WHAT TO WORK ON →
Copy exactly the lines of the material below that fall between the line with "<B>Union General Ambrose" and the line with "Descrição: Mala de", both of those lines included; pictures stay out.

SOURCE RECORDS →
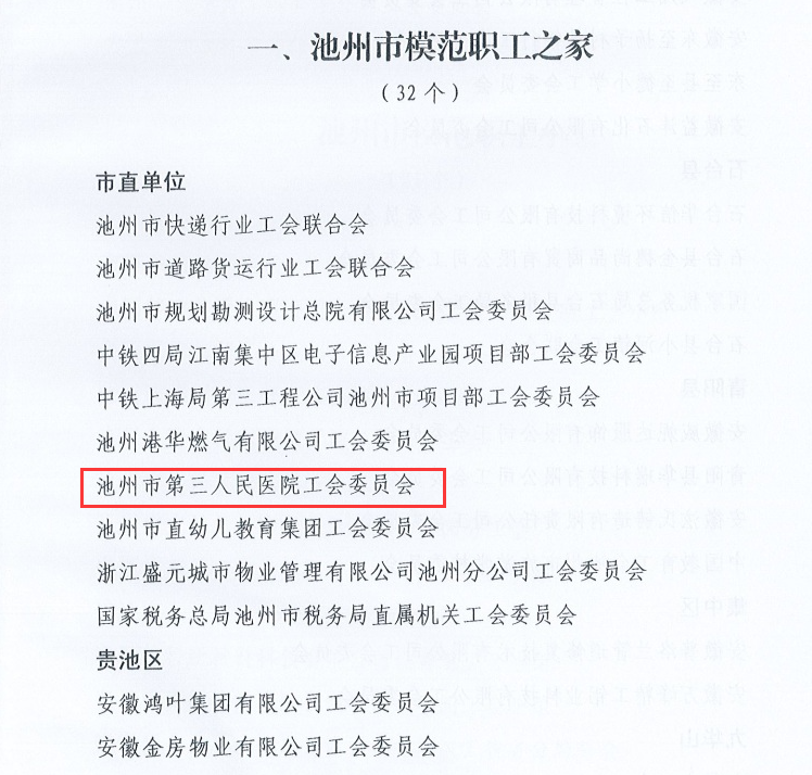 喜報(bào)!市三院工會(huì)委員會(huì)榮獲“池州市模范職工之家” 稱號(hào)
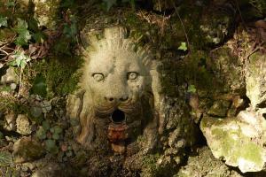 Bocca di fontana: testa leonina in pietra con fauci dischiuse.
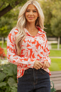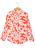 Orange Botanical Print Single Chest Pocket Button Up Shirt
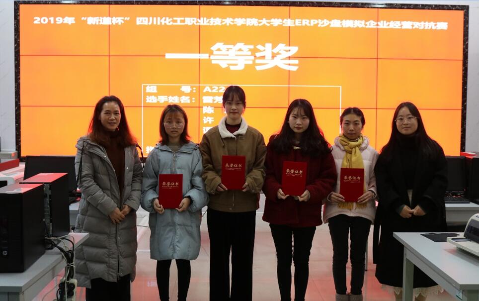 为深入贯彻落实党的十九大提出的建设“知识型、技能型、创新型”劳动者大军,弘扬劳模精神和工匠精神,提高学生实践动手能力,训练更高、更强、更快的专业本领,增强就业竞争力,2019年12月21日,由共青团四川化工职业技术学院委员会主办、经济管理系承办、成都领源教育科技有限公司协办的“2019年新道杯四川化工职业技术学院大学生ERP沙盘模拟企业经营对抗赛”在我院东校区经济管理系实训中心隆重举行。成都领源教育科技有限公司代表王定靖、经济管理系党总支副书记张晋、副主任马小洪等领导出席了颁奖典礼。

--

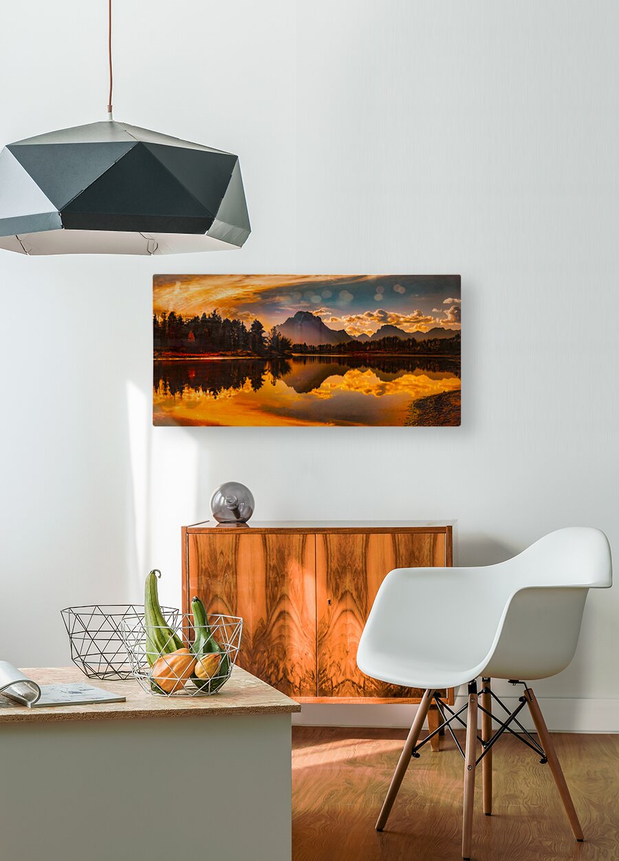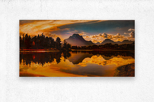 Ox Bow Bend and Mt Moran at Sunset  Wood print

---

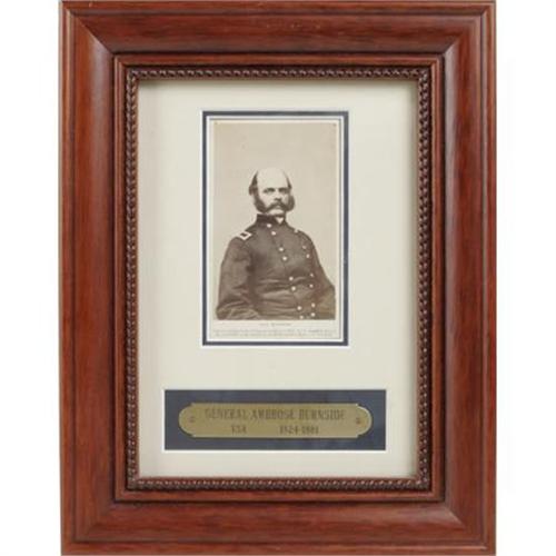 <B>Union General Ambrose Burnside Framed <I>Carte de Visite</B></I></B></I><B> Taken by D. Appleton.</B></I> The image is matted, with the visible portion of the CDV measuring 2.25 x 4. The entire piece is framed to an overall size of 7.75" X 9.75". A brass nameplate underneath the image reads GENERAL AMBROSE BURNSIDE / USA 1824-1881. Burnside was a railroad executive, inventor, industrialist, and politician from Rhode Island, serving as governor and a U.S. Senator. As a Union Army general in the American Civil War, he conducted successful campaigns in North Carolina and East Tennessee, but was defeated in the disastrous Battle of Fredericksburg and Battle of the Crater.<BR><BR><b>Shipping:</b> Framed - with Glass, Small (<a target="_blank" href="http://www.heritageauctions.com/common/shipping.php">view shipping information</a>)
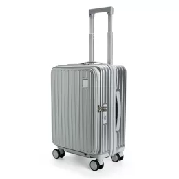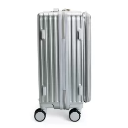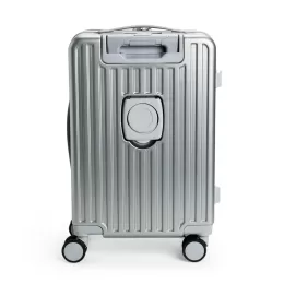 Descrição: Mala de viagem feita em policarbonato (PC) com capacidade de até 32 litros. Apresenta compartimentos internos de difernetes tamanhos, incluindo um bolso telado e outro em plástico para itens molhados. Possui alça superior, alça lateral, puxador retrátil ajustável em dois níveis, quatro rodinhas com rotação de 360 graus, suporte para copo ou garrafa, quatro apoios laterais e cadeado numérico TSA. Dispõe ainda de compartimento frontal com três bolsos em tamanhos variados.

EXERCISE SOLUTION →
 <B>Union General Ambrose Burnside Framed <I>Carte de Visite</B></I></B></I><B> Taken by D. Appleton.</B></I> The image is matted, with the visible portion of the CDV measuring 2.25 x 4. The entire piece is framed to an overall size of 7.75" X 9.75". A brass nameplate underneath the image reads GENERAL AMBROSE BURNSIDE / USA 1824-1881. Burnside was a railroad executive, inventor, industrialist, and politician from Rhode Island, serving as governor and a U.S. Senator. As a Union Army general in the American Civil War, he conducted successful campaigns in North Carolina and East Tennessee, but was defeated in the disastrous Battle of Fredericksburg and Battle of the Crater.<BR><BR><b>Shipping:</b> Framed - with Glass, Small (<a target="_blank" href="http://www.heritageauctions.com/common/shipping.php">view shipping information</a>)
 Descrição: Mala de viagem feita em policarbonato (PC) com capacidade de até 32 litros. Apresenta compartimentos internos de difernetes tamanhos, incluindo um bolso telado e outro em plástico para itens molhados. Possui alça superior, alça lateral, puxador retrátil ajustável em dois níveis, quatro rodinhas com rotação de 360 graus, suporte para copo ou garrafa, quatro apoios laterais e cadeado numérico TSA. Dispõe ainda de compartimento frontal com três bolsos em tamanhos variados.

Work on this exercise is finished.